**WHAT IS EXPECTED:**
Repeat exactly the lines below from the line that contains "OREO Sandwich Biscuit" to the last line, inclusive, without the pictures.

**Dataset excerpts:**

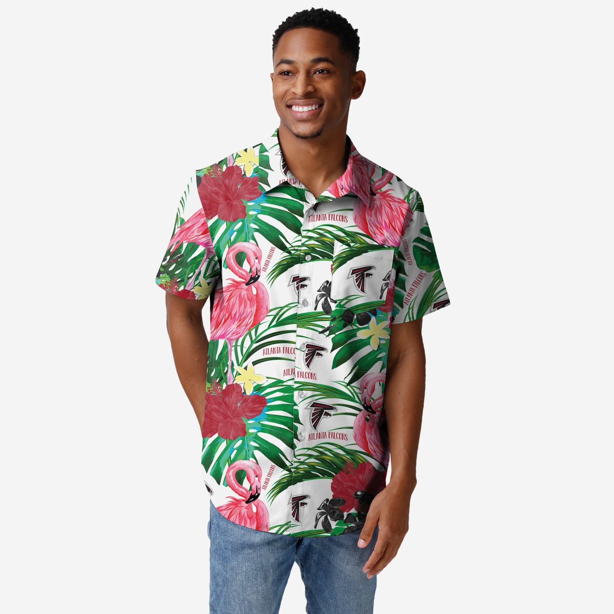 Aloha, party people! No need to set your watch - You're always on island time when you're rocking this Atlanta Falcons Flamingo Button Up Shirt.
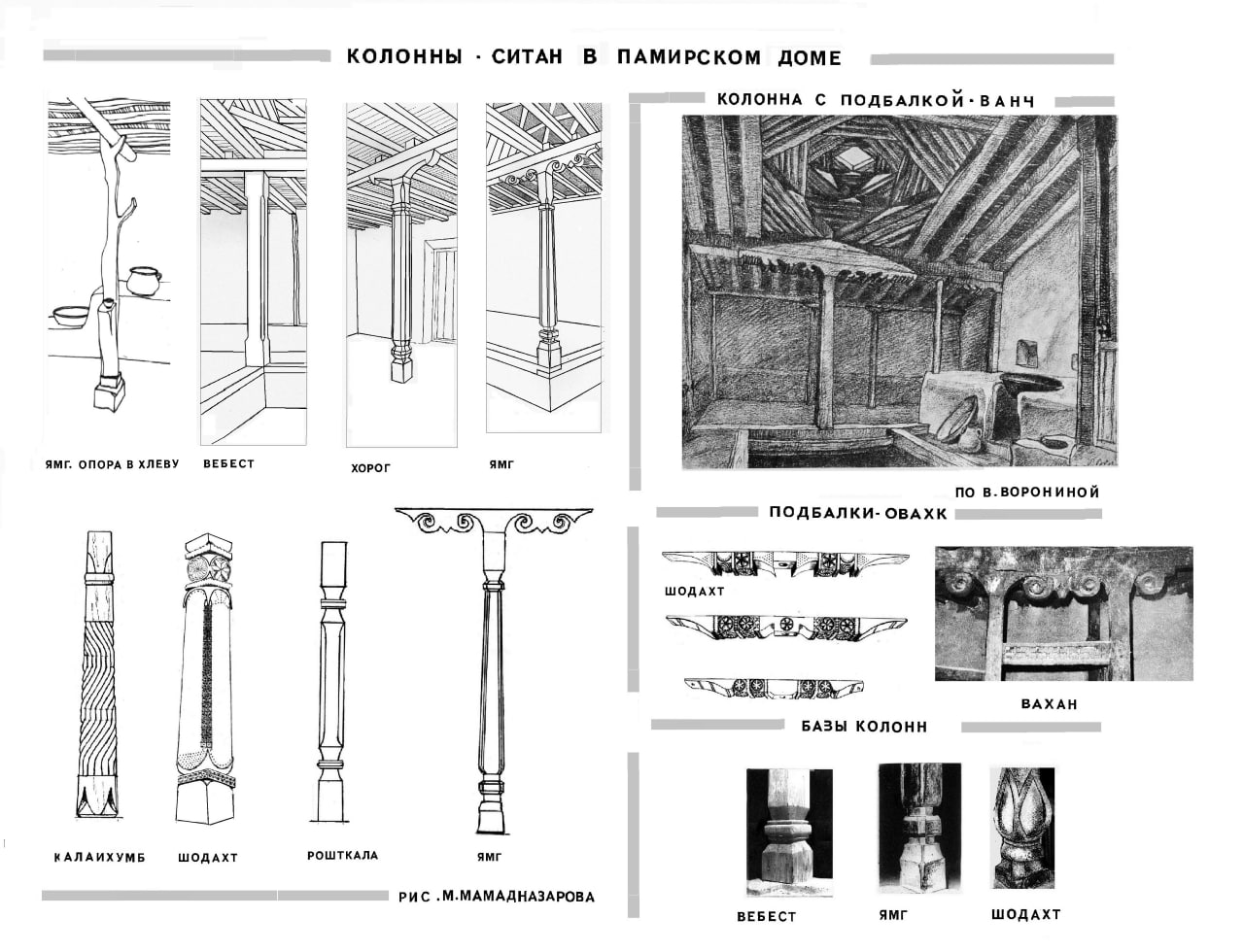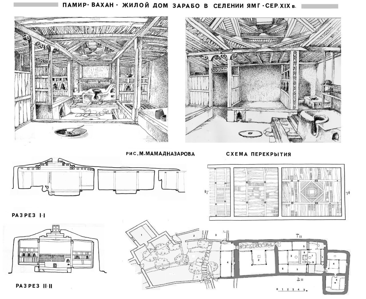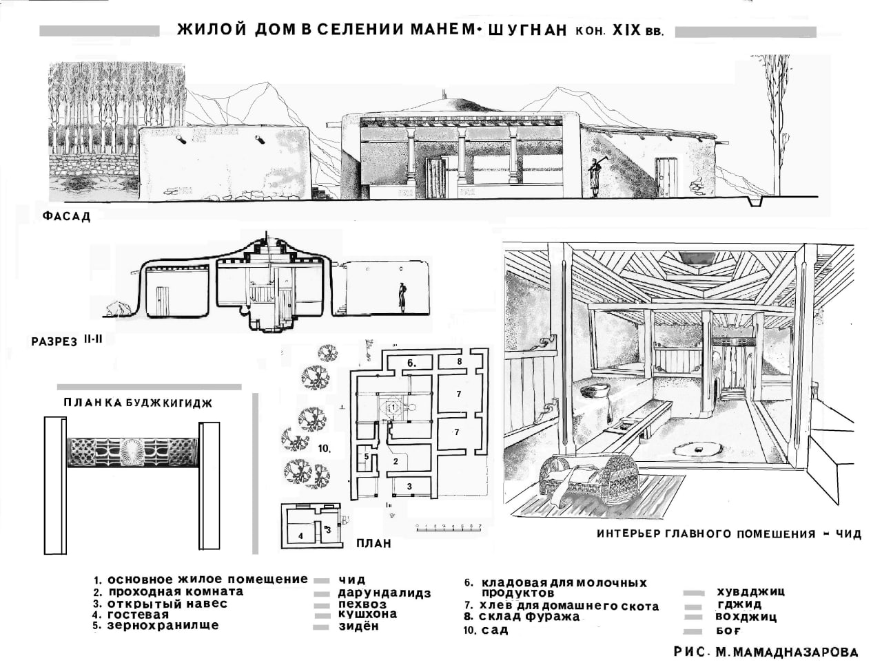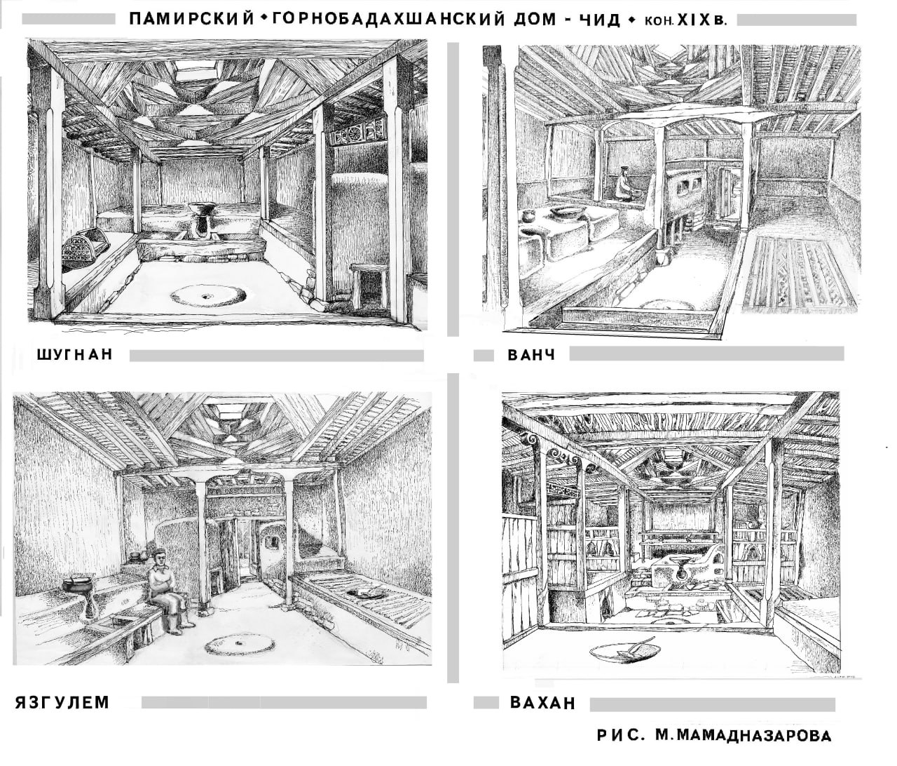 Описание ведётся изнутри сверху вниз. При этом раучана, священный элемент дома – это не окно, а именно световой люк в зените. Примечательно, что в шугнанском языке окно – ток, видимо, позднего происхождения и означает оно, в большей степени нишу в стене.
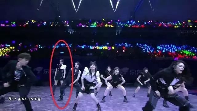 其他队友都在卖力表演,而她显然动作不熟,慢半拍,动作敷衍,连腰都懒得弯,似乎在学习。
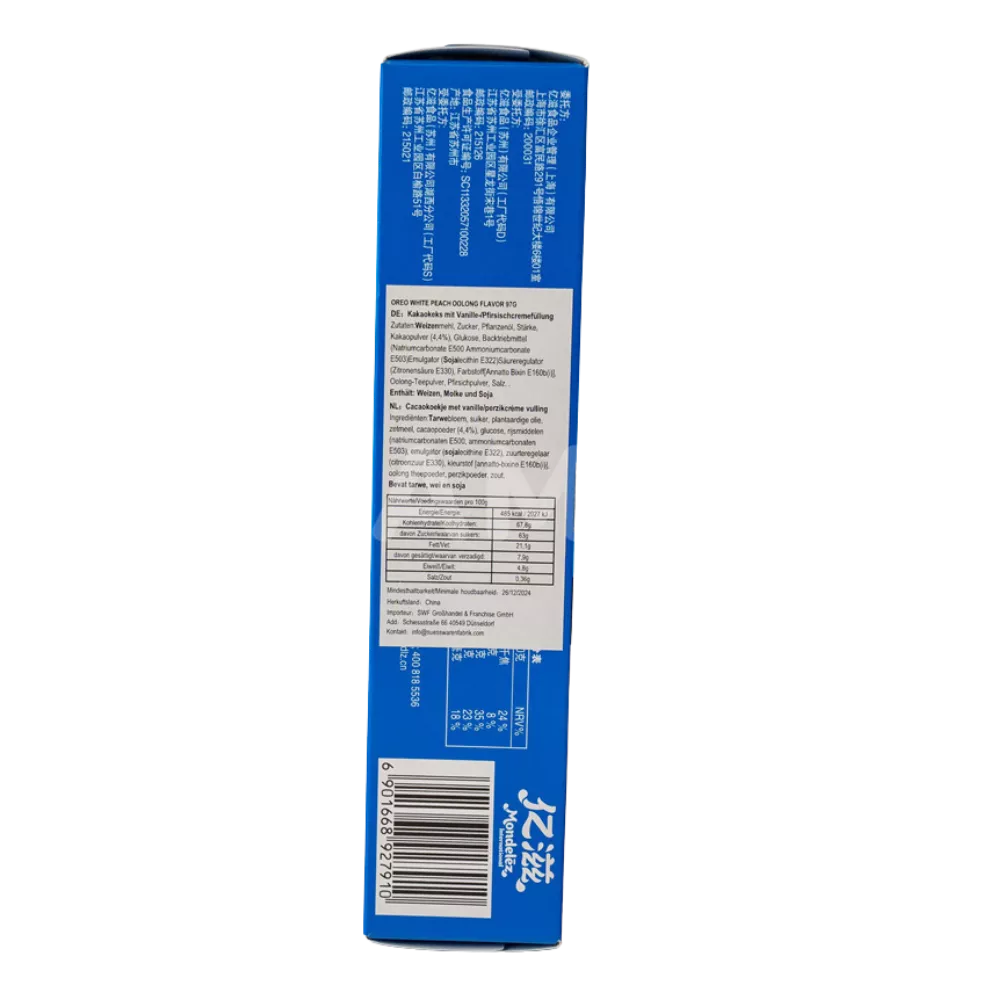 OREO Sandwich Biscuit Peach Oolong 97G – eine außergewöhnliche Geschmackskombination aus zart-herber Oolong-Teearomatik und fruchtigem Pfirsich, eingebettet in die beliebten knusprigen OREO-Kakaokekse. Diese exklusive Variante aus China bringt eine asiatisch inspirierte Note in den klassischen Keksgenuss und begeistert durch ihre cremige Füllung mit leichtem Teearoma und fruchtiger Süße.
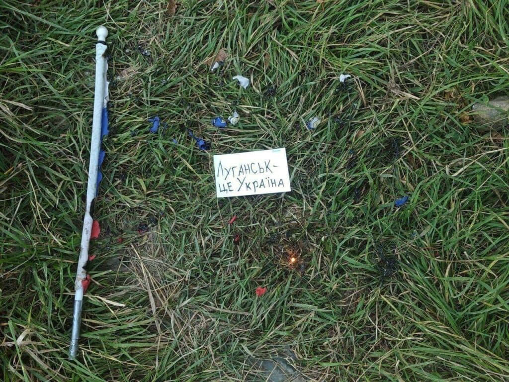 В Луганске активисты движения "Жовта Стрічка" сжигают российские триколоры (фото)

**PROBLEM SOLUTION:**
 OREO Sandwich Biscuit Peach Oolong 97G – eine außergewöhnliche Geschmackskombination aus zart-herber Oolong-Teearomatik und fruchtigem Pfirsich, eingebettet in die beliebten knusprigen OREO-Kakaokekse. Diese exklusive Variante aus China bringt eine asiatisch inspirierte Note in den klassischen Keksgenuss und begeistert durch ihre cremige Füllung mit leichtem Teearoma und fruchtiger Süße.
 В Луганске активисты движения "Жовта Стрічка" сжигают российские триколоры (фото)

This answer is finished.